# What you should do
Set down the first line below and each line after it, ending with the one that holds "Houston Christian University". Pictures do not belong in the copy.

[Collection entries]
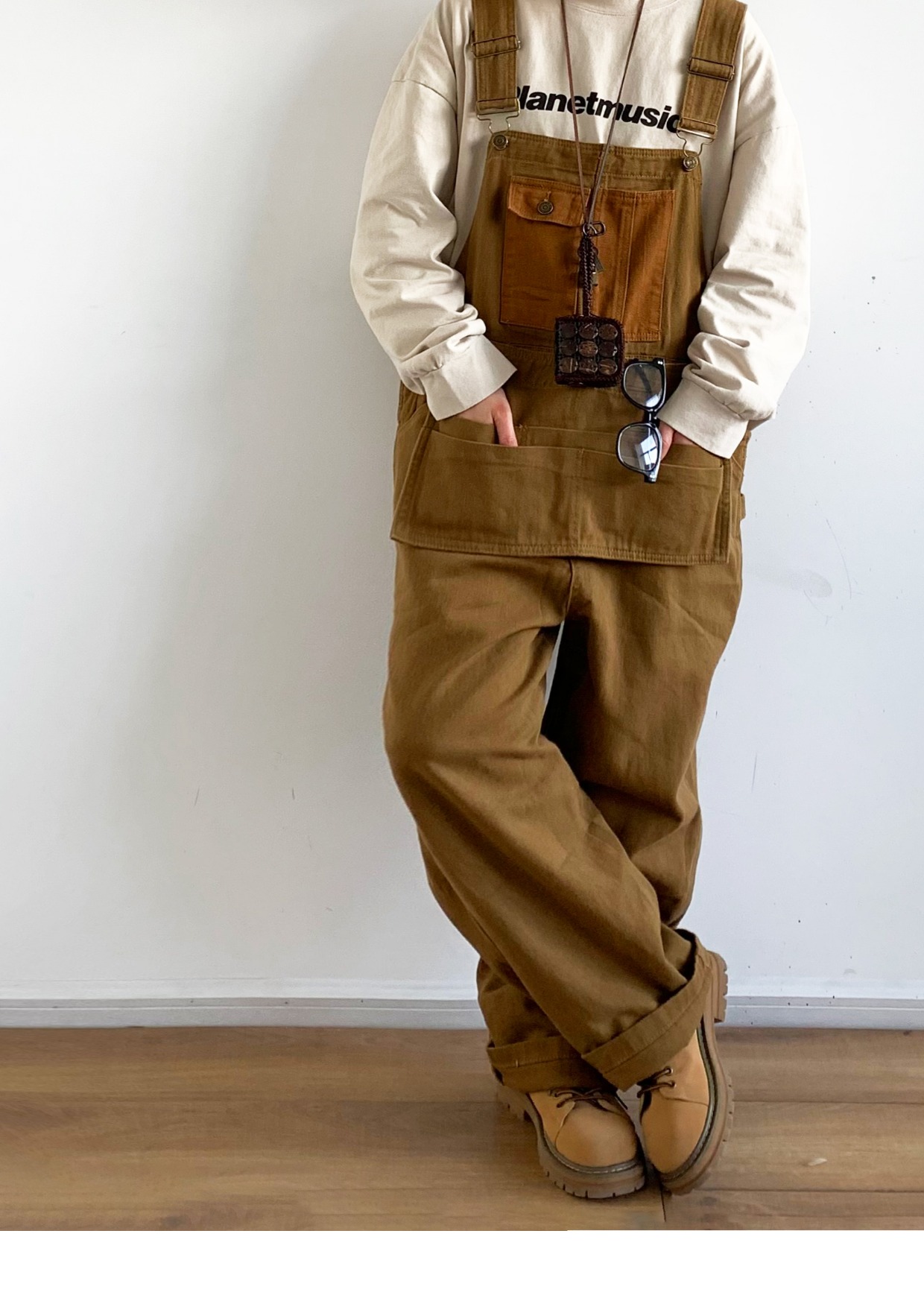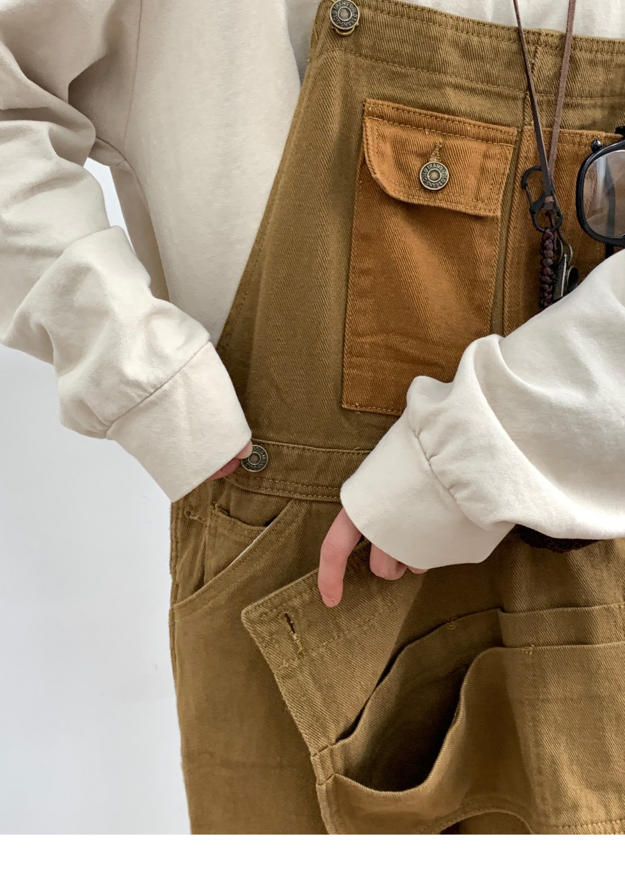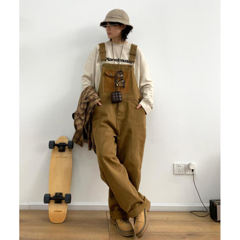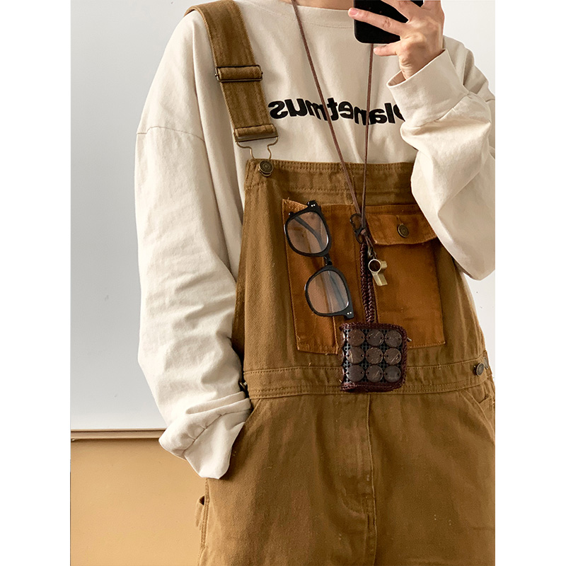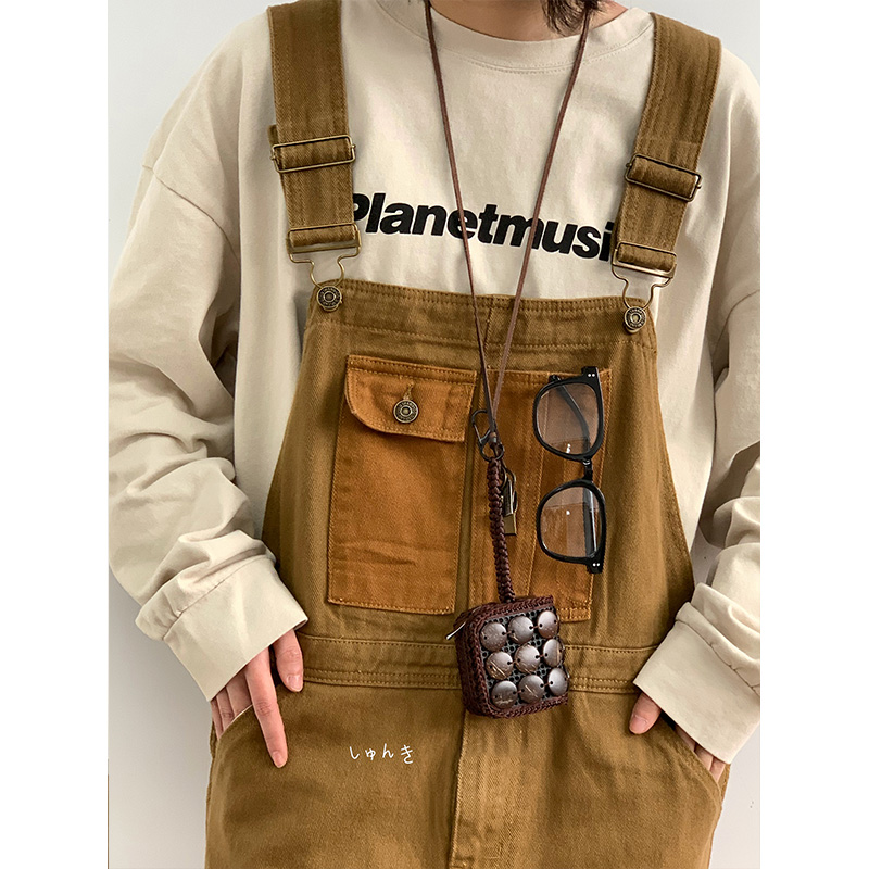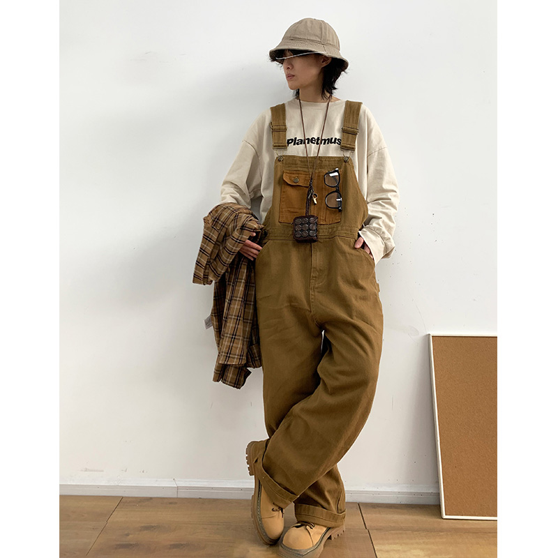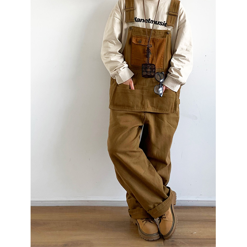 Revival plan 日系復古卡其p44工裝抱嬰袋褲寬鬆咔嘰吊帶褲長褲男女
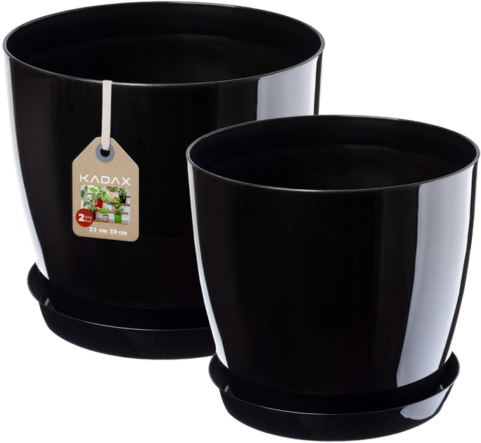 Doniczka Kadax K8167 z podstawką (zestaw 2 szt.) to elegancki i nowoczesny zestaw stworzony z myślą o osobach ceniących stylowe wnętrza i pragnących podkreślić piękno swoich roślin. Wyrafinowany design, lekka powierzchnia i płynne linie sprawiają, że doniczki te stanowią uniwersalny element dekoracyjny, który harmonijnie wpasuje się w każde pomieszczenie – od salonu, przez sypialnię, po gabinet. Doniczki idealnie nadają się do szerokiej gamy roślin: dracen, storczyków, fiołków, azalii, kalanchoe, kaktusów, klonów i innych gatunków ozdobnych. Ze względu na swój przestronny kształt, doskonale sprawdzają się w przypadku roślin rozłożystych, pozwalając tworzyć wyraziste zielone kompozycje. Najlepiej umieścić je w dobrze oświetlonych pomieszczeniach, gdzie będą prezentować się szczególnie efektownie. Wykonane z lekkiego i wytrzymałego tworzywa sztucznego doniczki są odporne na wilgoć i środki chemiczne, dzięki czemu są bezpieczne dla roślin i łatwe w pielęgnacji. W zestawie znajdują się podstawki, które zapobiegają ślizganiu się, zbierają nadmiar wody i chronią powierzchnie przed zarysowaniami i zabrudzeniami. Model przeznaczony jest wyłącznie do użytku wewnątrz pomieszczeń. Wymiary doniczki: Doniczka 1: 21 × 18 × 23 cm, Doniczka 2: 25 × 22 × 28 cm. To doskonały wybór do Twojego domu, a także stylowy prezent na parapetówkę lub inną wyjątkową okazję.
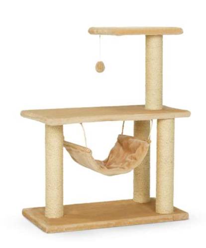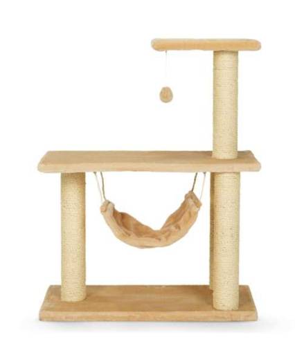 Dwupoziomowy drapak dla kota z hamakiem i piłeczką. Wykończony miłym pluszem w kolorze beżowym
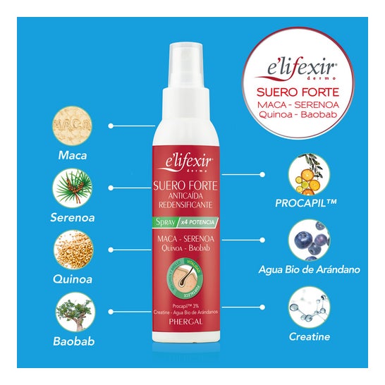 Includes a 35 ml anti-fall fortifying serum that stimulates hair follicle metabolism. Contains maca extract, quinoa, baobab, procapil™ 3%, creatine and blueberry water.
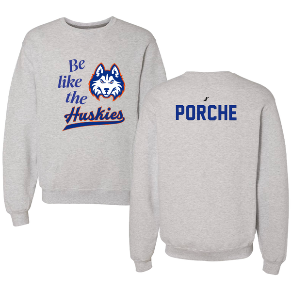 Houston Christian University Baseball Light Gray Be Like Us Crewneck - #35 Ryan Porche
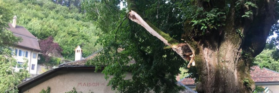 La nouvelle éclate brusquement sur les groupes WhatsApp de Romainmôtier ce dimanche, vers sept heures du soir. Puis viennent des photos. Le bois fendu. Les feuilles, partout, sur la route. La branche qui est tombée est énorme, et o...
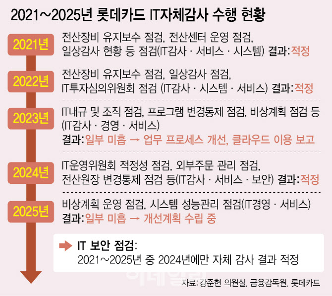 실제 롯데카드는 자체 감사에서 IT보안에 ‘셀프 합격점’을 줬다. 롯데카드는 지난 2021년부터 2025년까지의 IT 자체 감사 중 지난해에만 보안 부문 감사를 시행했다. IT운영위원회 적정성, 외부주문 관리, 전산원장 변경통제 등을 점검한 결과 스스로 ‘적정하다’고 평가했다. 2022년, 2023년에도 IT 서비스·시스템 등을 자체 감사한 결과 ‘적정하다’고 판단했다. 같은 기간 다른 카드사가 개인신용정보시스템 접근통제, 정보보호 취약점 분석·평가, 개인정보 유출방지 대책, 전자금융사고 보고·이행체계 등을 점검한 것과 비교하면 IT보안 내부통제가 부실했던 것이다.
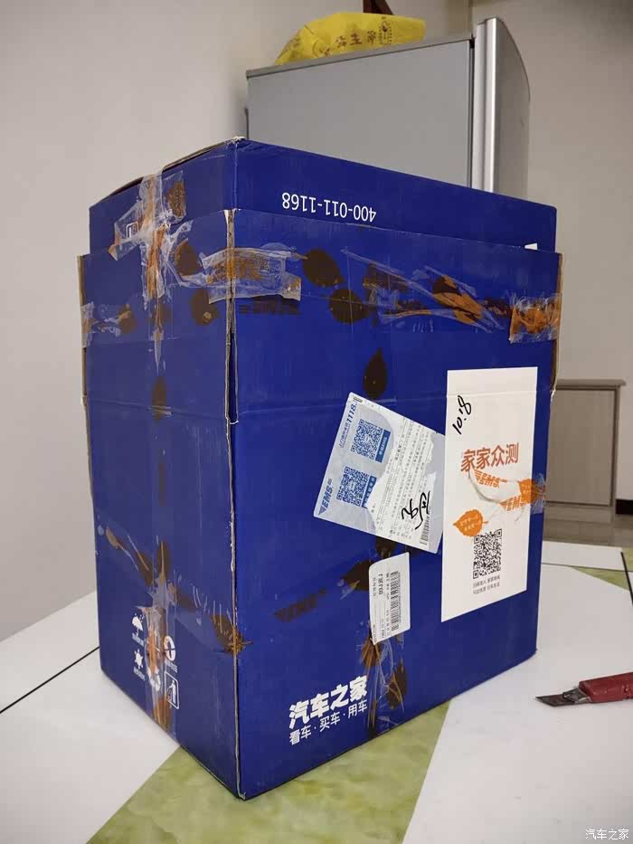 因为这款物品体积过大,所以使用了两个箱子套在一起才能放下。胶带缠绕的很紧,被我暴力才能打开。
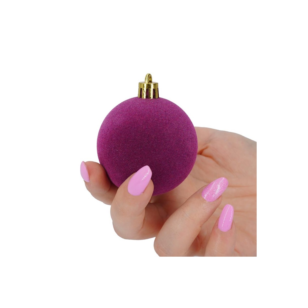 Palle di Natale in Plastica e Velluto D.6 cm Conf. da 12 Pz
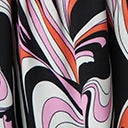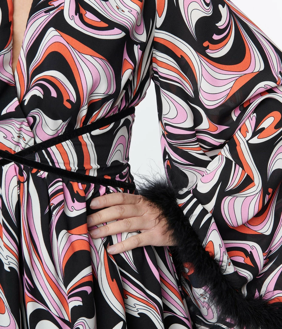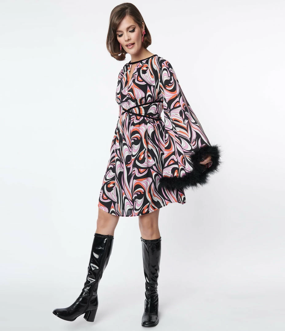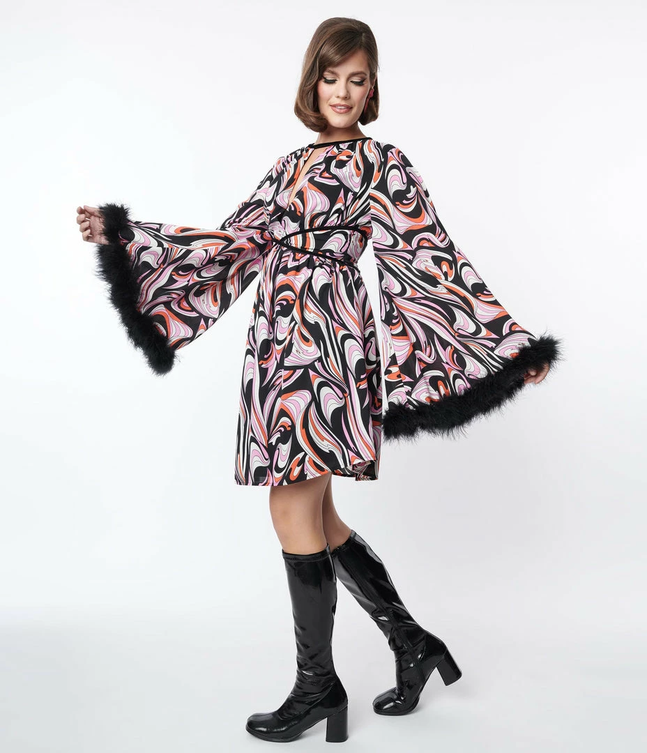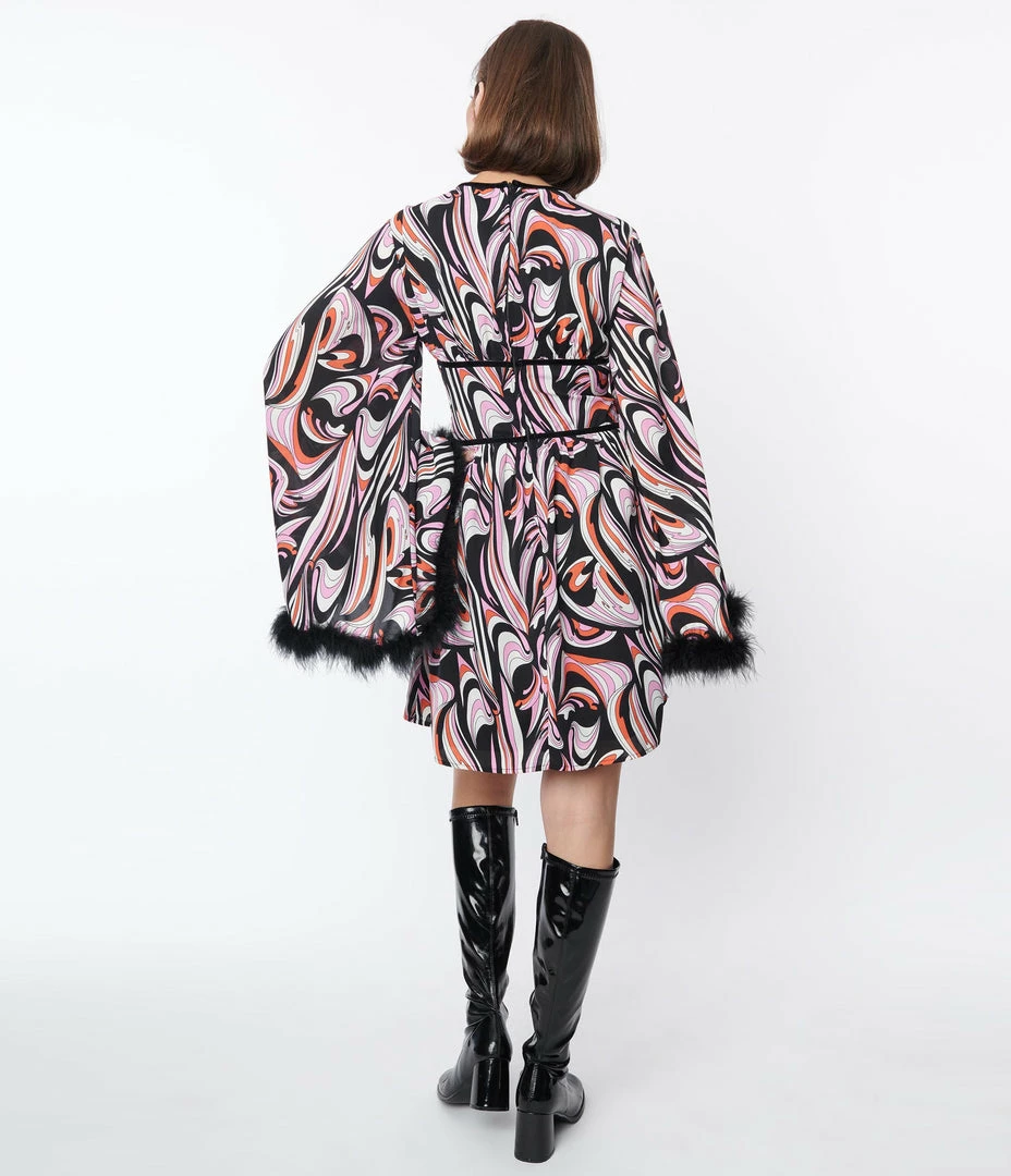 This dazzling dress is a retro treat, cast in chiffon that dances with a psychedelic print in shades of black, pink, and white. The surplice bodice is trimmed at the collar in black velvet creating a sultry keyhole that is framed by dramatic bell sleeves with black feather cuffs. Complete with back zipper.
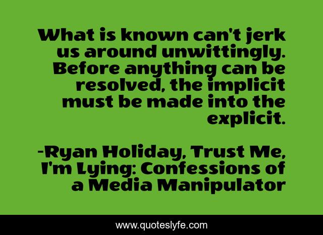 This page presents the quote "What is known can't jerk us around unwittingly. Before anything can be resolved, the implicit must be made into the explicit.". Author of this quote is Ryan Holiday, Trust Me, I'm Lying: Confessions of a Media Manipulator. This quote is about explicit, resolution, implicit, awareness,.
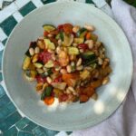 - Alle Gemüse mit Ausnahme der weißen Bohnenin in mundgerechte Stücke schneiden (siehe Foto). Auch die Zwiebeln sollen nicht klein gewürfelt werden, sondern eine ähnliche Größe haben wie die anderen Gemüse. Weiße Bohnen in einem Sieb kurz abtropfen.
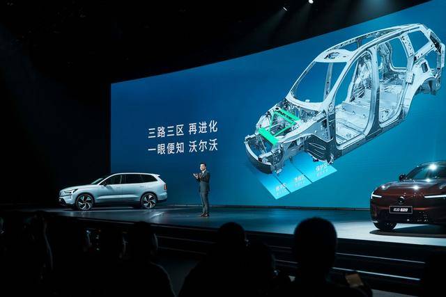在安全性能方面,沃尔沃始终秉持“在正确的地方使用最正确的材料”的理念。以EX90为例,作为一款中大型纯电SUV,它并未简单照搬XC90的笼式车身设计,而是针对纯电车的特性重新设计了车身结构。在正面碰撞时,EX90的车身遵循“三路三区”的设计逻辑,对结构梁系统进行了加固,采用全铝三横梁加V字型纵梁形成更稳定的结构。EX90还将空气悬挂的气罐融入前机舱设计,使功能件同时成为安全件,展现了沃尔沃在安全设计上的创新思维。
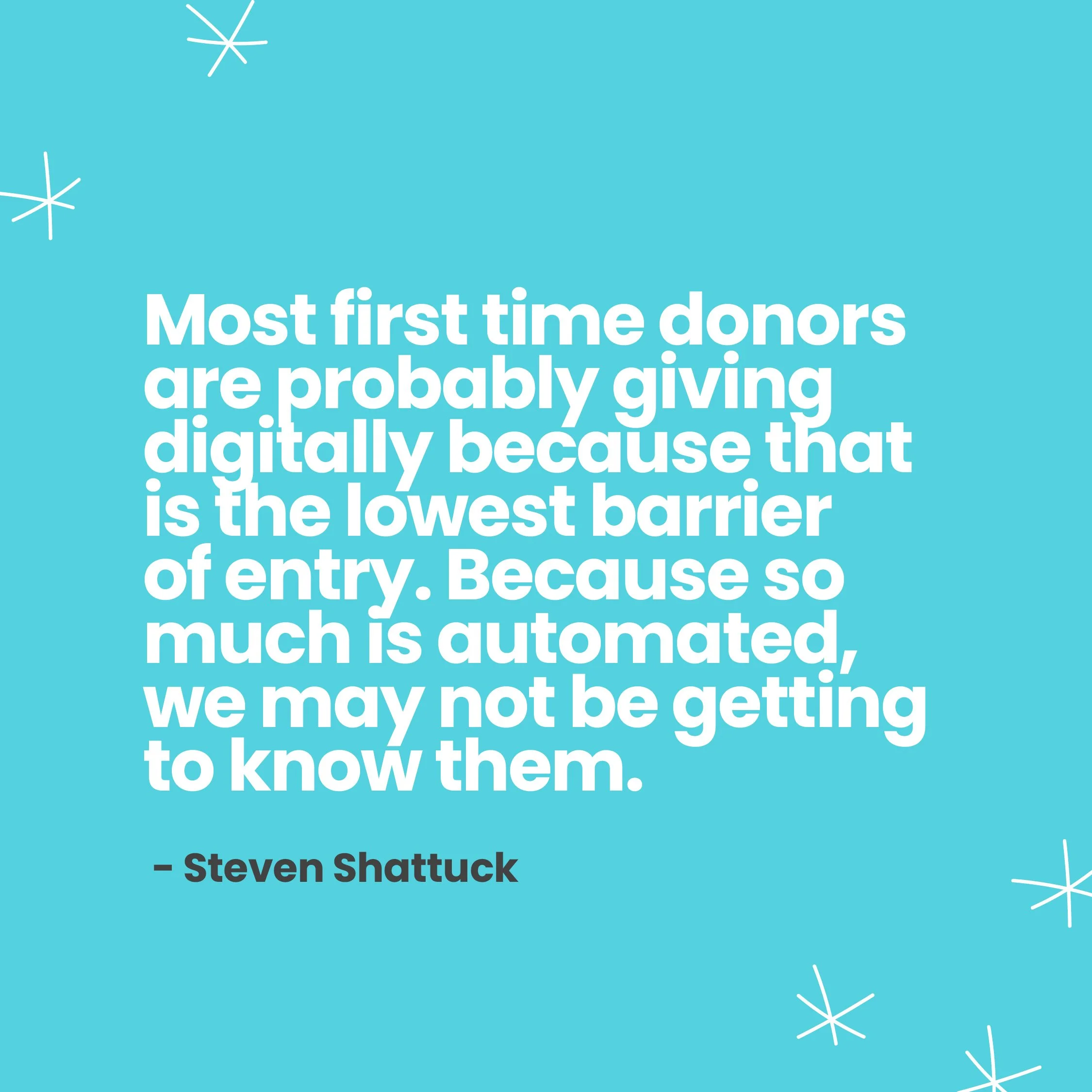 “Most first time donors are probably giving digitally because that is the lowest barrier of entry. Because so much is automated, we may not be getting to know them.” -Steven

# Response to the exercise
 Revival plan 日系復古卡其p44工裝抱嬰袋褲寬鬆咔嘰吊帶褲長褲男女
 Doniczka Kadax K8167 z podstawką (zestaw 2 szt.) to elegancki i nowoczesny zestaw stworzony z myślą o osobach ceniących stylowe wnętrza i pragnących podkreślić piękno swoich roślin. Wyrafinowany design, lekka powierzchnia i płynne linie sprawiają, że doniczki te stanowią uniwersalny element dekoracyjny, który harmonijnie wpasuje się w każde pomieszczenie – od salonu, przez sypialnię, po gabinet. Doniczki idealnie nadają się do szerokiej gamy roślin: dracen, storczyków, fiołków, azalii, kalanchoe, kaktusów, klonów i innych gatunków ozdobnych. Ze względu na swój przestronny kształt, doskonale sprawdzają się w przypadku roślin rozłożystych, pozwalając tworzyć wyraziste zielone kompozycje. Najlepiej umieścić je w dobrze oświetlonych pomieszczeniach, gdzie będą prezentować się szczególnie efektownie. Wykonane z lekkiego i wytrzymałego tworzywa sztucznego doniczki są odporne na wilgoć i środki chemiczne, dzięki czemu są bezpieczne dla roślin i łatwe w pielęgnacji. W zestawie znajdują się podstawki, które zapobiegają ślizganiu się, zbierają nadmiar wody i chronią powierzchnie przed zarysowaniami i zabrudzeniami. Model przeznaczony jest wyłącznie do użytku wewnątrz pomieszczeń. Wymiary doniczki: Doniczka 1: 21 × 18 × 23 cm, Doniczka 2: 25 × 22 × 28 cm. To doskonały wybór do Twojego domu, a także stylowy prezent na parapetówkę lub inną wyjątkową okazję.
 Dwupoziomowy drapak dla kota z hamakiem i piłeczką. Wykończony miłym pluszem w kolorze beżowym
 Includes a 35 ml anti-fall fortifying serum that stimulates hair follicle metabolism. Contains maca extract, quinoa, baobab, procapil™ 3%, creatine and blueberry water.
 Houston Christian University Baseball Light Gray Be Like Us Crewneck - #35 Ryan Porche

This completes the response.